After locating the line with "Vernus is a", repeat it and every following line to the end of the listing, exactly. Omit the pictures.

» INFORMATION PROVIDED
________________________

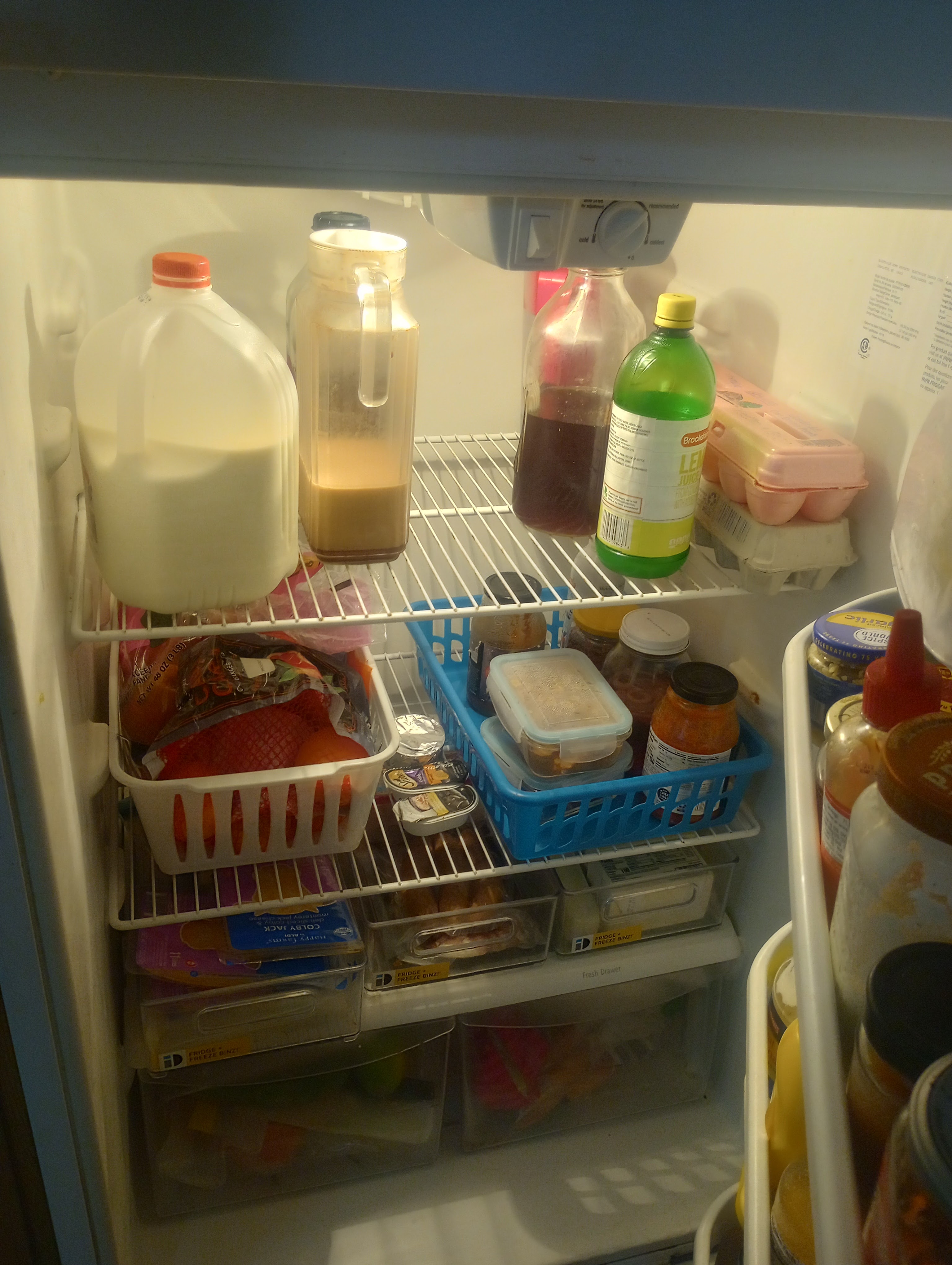 I did have to clean out the Jenga fridge because it was getting a bit frightful when I tried to find something particular or even get something out.
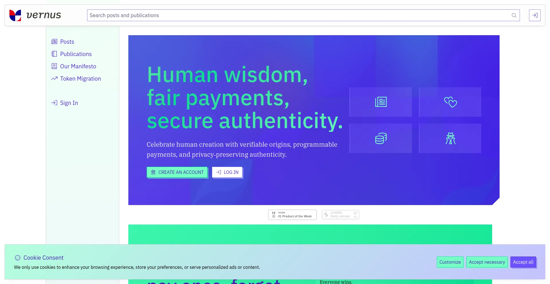 Vernus is a platform where everyone can buy and sell content by the piece. Say goodbye to subscription fatigue and hello to content à la carte.
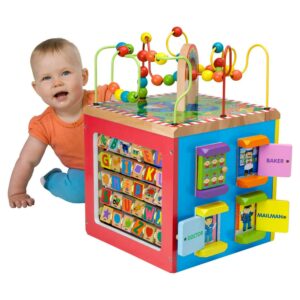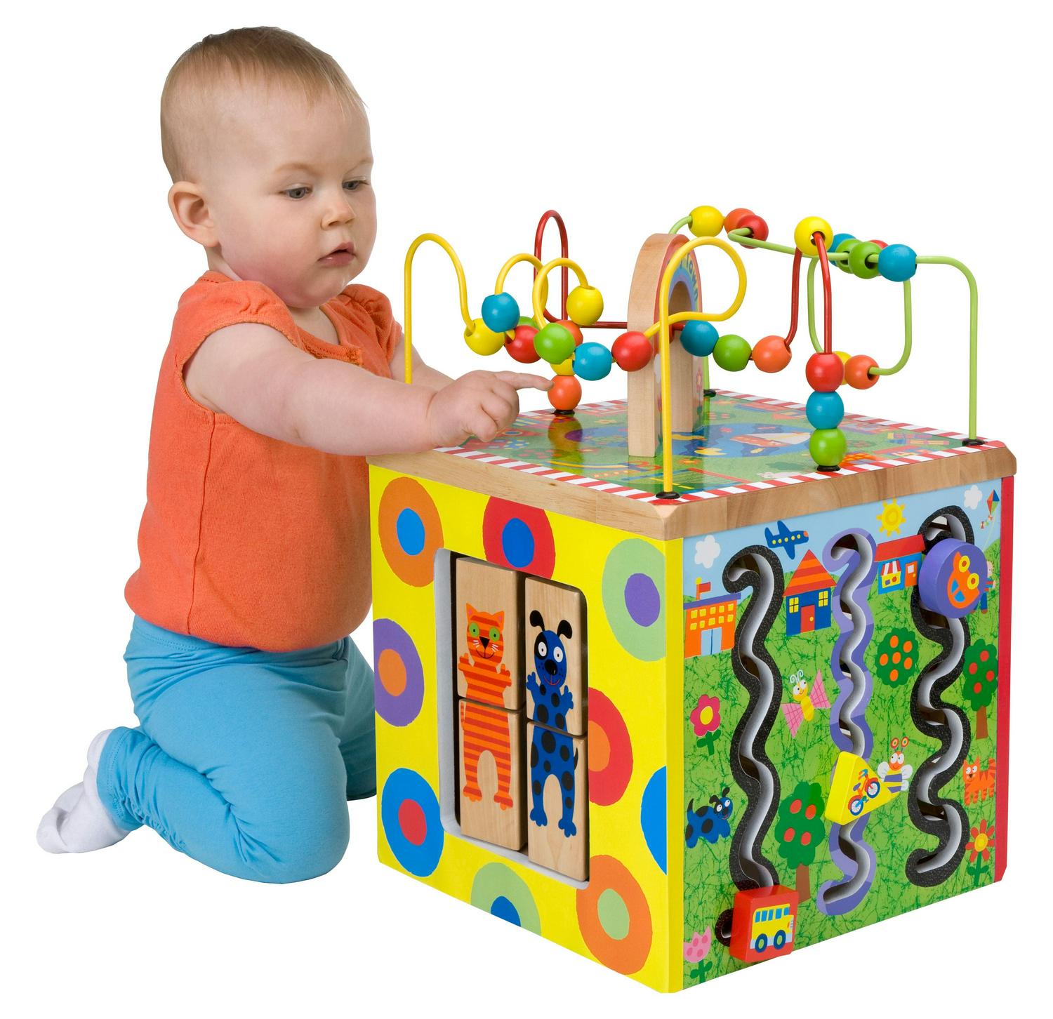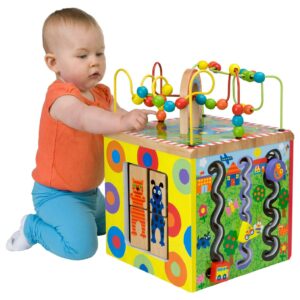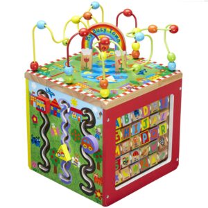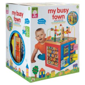 ALEX Discover My Busy Town Wooden Activity Cube has many activities to keep your toddler engaged that are all part of an amazing journey of learning through play. This toy features a sturdy wooden base that will withstand even the most demanding trips into Busy Town. The multi-dimensional activity cube has five different sides of fun games for your little one. With so many different activities, your toddler is sure to stay entertained with this toy for hours. Stable, colorful and fun to look at, the activity center is made of sturdy wood.

________________________

» EXERCISE RESULT
 Vernus is a platform where everyone can buy and sell content by the piece. Say goodbye to subscription fatigue and hello to content à la carte.
 ALEX Discover My Busy Town Wooden Activity Cube has many activities to keep your toddler engaged that are all part of an amazing journey of learning through play. This toy features a sturdy wooden base that will withstand even the most demanding trips into Busy Town. The multi-dimensional activity cube has five different sides of fun games for your little one. With so many different activities, your toddler is sure to stay entertained with this toy for hours. Stable, colorful and fun to look at, the activity center is made of sturdy wood.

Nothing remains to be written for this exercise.